Justice Choo Han Teck flagged the issues while delivering his decision on whether two men, involved in unrelated drug trafficking cases, were drug couriers.
Under laws that came into effect on Jan 1, the death penalty is no longer mandatory for those convicted of drug trafficking cases in two circumstances.
Life sentences can be imposed on those certified by the prosecution to have helped the Central Narcotics Bureau substantially and those whose mental illness makes them less responsible for their actions. To qualify for a reprieve, the traffickers must prove that they were only couriers - that is, their roles were restricted to transporting, sending or delivering drugs.
In the current two cases, Justice Choo decided that Chum Tat Suan, 65, and Abdul Kahar Othman, 57, separately convicted of trafficking in heroin in August, were couriers and therefore, have a fighting chance of escaping the gallows.
However, he highlighted the "significant difficulty" arising from the new three-phase procedure. After an accused is convicted, another hearing would be conducted to determine whether he was a courier. At this second phase, if the court decides he is not a courier, the mandatory death penalty will be imposed.
If the court decides he is a courier, the prosecution will record his statement for him to give as much information as he can.
If the prosecution decides to certify that the accused has given "substantive assistance", the court can either sentence him to life imprisonment and caning or death.
Justice Choo noted that if evidence relating to whether the accused was a courier is introduced after conviction, it was possible the new evidence could differ from the judge's original findings or even cast doubts on the accused's guilt.
However, if he did not allow new evidence, this might prejudice the accused, making it impossible for him to prove he was just a courier.
The alternative, said the judge, was to make it a rule that evidence be produced at a trial, so that the court can decide on conviction and sentence together.
But this puts the accused in a difficult spot, because in order to make the claim that he was just a courier, he must first admit he was trafficking drugs.
For instance, if an accused's defence was that he did not know he had drugs on him, once convicted, it would be difficult for him to argue that he was a courier.
In the current cases, parties did not introduce new evidence.
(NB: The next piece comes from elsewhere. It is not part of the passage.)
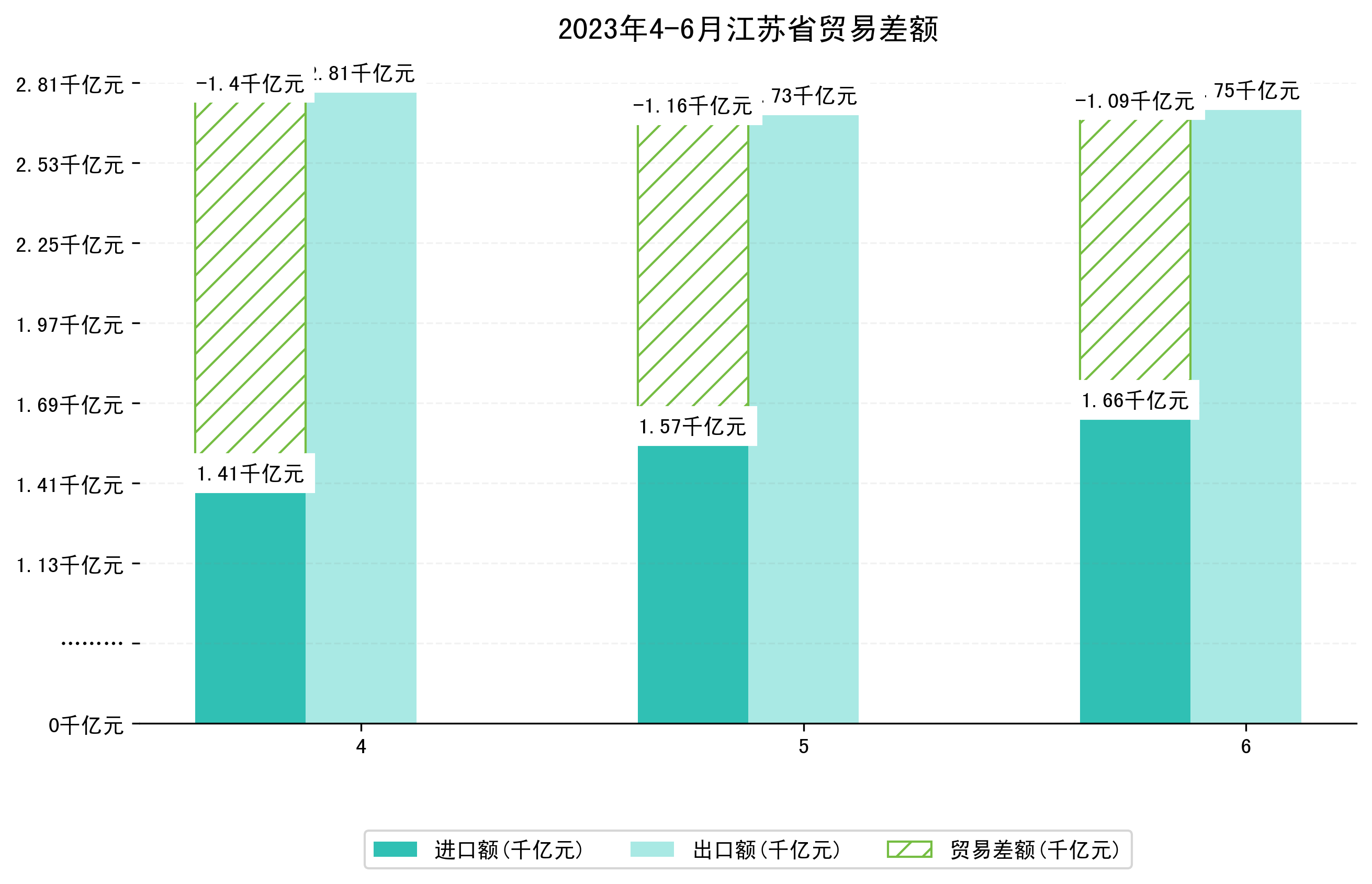 2023年6月江苏省进出口总额及进出口差额统计分析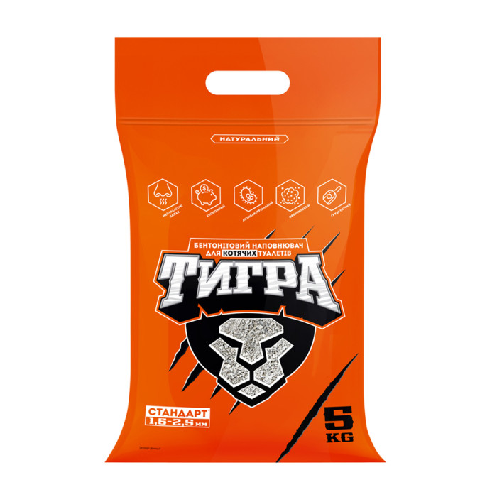 "ТИГРА" - це 100% натуральний наповнювач для котячого туалету, що комкується. Створений з бентонітових глин, що пройшли очищення та спеціальну обробку. Переваги:- гранули наповнювача миттєво поглинають вологу, утворюючи грудки - це дозволяє прибирати лише використану сировину;- має високі абсорбуючі властивості;- надійно нейтралізує неприємні запахи, що допомагає підтримувати атмосферу чистоти в будинку;- гранули середнього розміру 1,5-2,5 мм чудово підходять котам;- швидке поглинання вологи перешкоджає розмноженню бактерій та появі неприємного запаху з котячого туалету.Правила використання: візьміть чистий і сухий лоток і заповніть його шаром наповнювача 4-5 см. Чистити котячий туалет необхідно після кожного відвідування його кішкою, прибираючи лише грудки, що утворилися. Після збирання додайте необхідну кількість свіжого наповнювача. Викидайте використаний наповнювач із побутовими відходами або в контейнер із біосміттям. Не рекомендується викидати використаний наповнювач у каналізаційні системи.

Justice Choo said that he gave the two accused the benefit of the doubt in deciding that they were couriers. This is so until the courts or Parliament have expressed the boundaries of "transporting, sending or delivering drugs" clearly so that an accused knows what he is accused of committing.
This, even though the judge found that Abdul Kahar had items used to repack drugs and $69,000 were found in his flat. His jobless elderly mother had $100,000 in the bank.
An Attorney-General Chambers' spokesman said: "As parties were not given an opportunity to submit on many of the matters raised in the court's decisions in the two cases, we will study the grounds of decisions carefully before deciding on the appropriate course of action."